There is an irony in this. Thanks to AI slop, our online lives are now actually full of friction, under the guise of being frictionless. ChatGPT lies all the time if you ask it questions. Videos can’t be believed as real. Do you know if anything is true anymore? Do you trust anything? Are you having fun?
While I said AI was devoid of humanity, that’s not entirely true. It’s tempting to paint the technology as some powerful, preternatural force, but there are people behind all of this. There are the proletarian clickbait farmers asking chatbots to craft fake Peyton Manning stories, and there are the far more nefarious Silicon Valley executives lobbying the government for fewer AI guardrails.

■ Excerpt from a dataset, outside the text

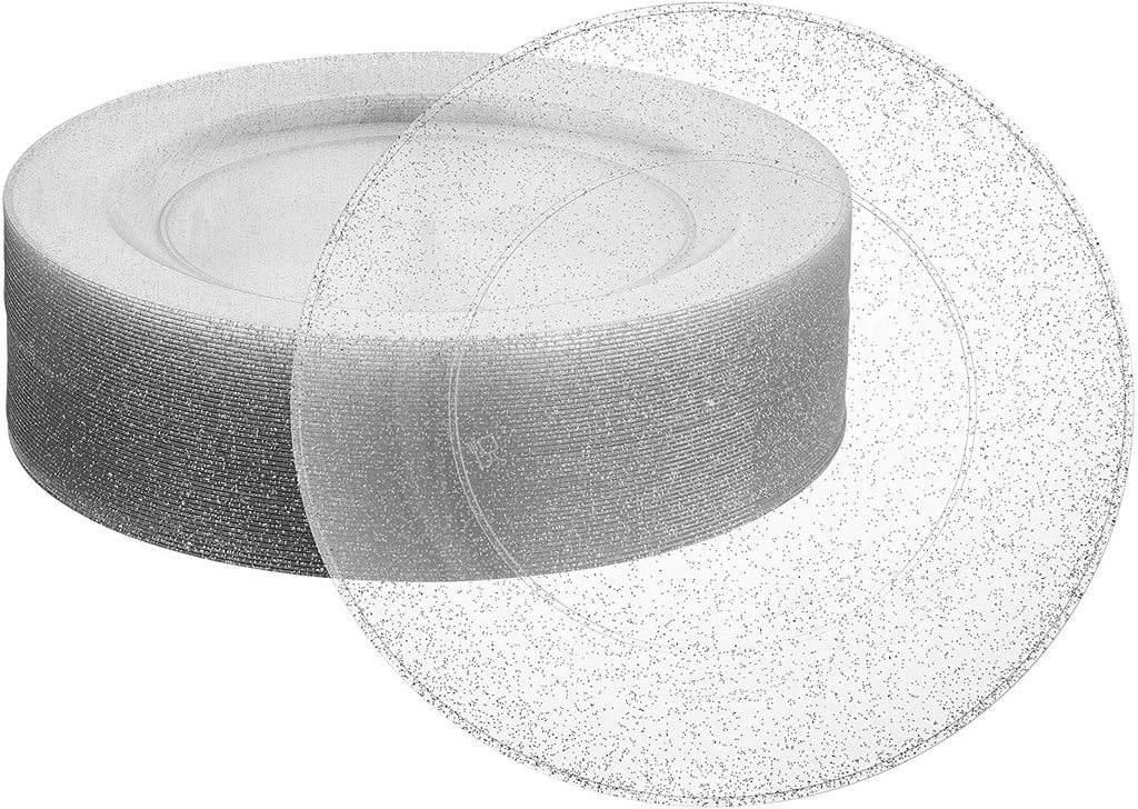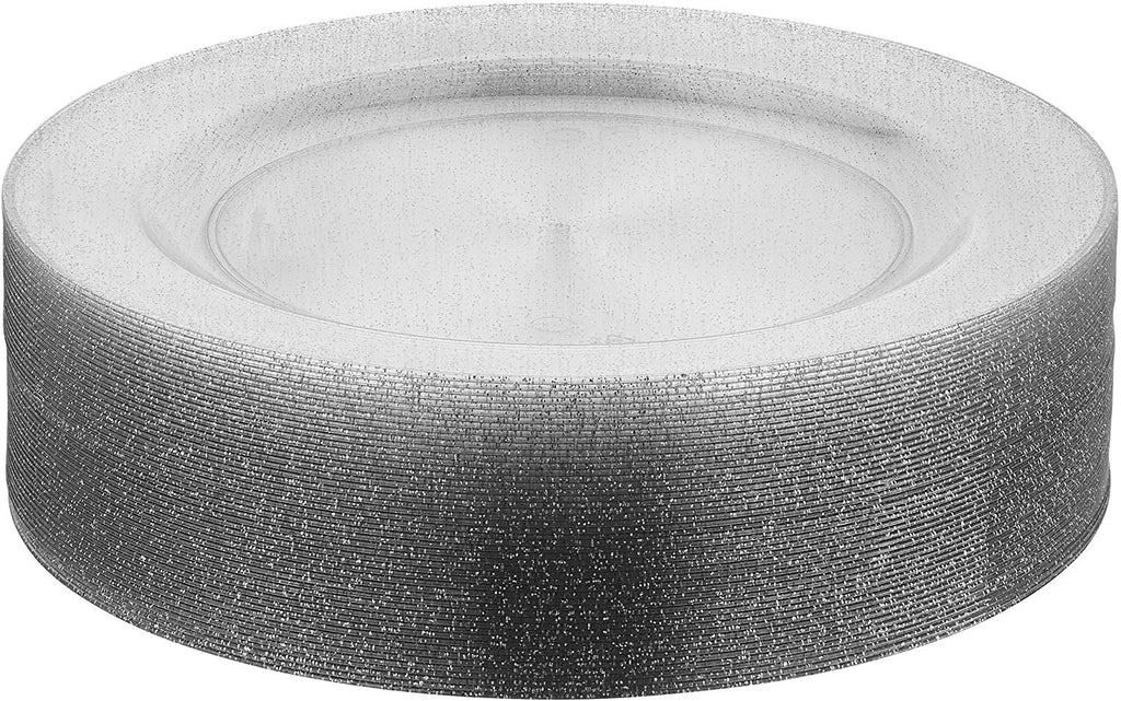 BloominGoods - Disposable Plastic plates, Clear with SILVER Glitter - 10.25" Dinner Plates (50-pack) STURDY & DURABLE: Crafted from heavier plastic, plastic plates can hold large portions of food ...
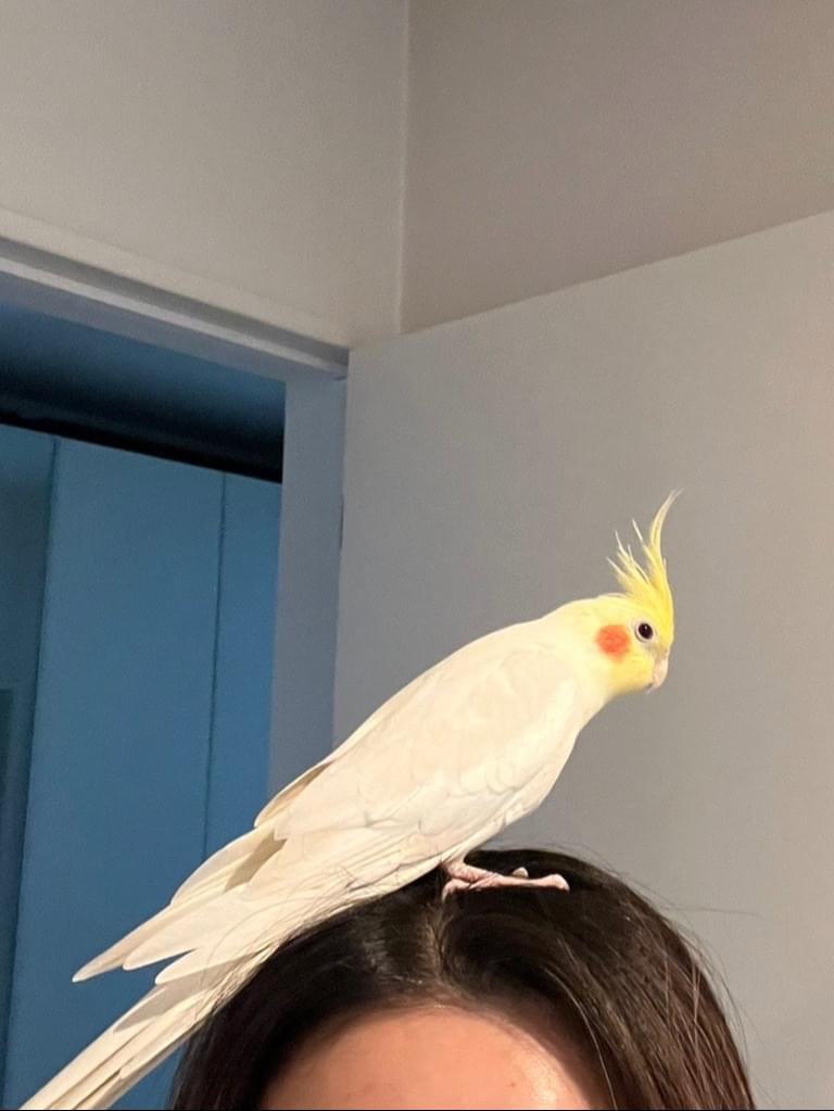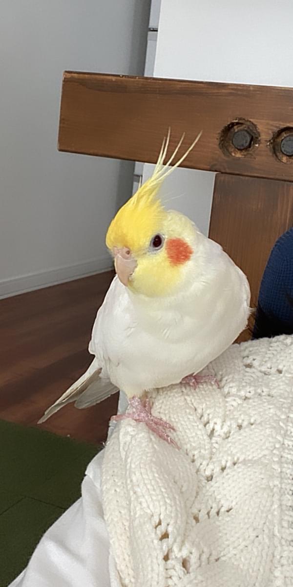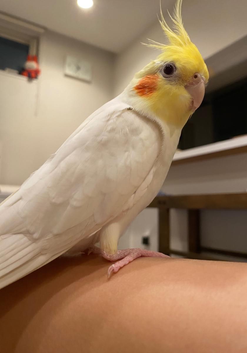 ルチノー(頭と冠羽が黄色、身体が白、ほっぺがオレンジ)です。

But many of us don’t actually want the sleek, optimized, empty lives that are being shoved down our throats; we do not want AI to take our jobs, star in our movies, or sing our songs. If AI slop turns a profit, it is because we tolerate it. If we think AI can replace consciousness, it’s because we’ve failed to realize the breadth and strangeness of our own humanity. Big business wants that—and is trying to make slop the default way we live life. It doesn’t have to be. The best way to beat the slop is systemic change, regulatory overhaul. But the second best way is by rebelling against it in our everyday lives. That means sustained, active engagement with non-slop—real people, challenging art, new ideas—in the real world and online. In 2025, we hit a turning point: keep accepting the slop, or we risk becoming slop ourselves.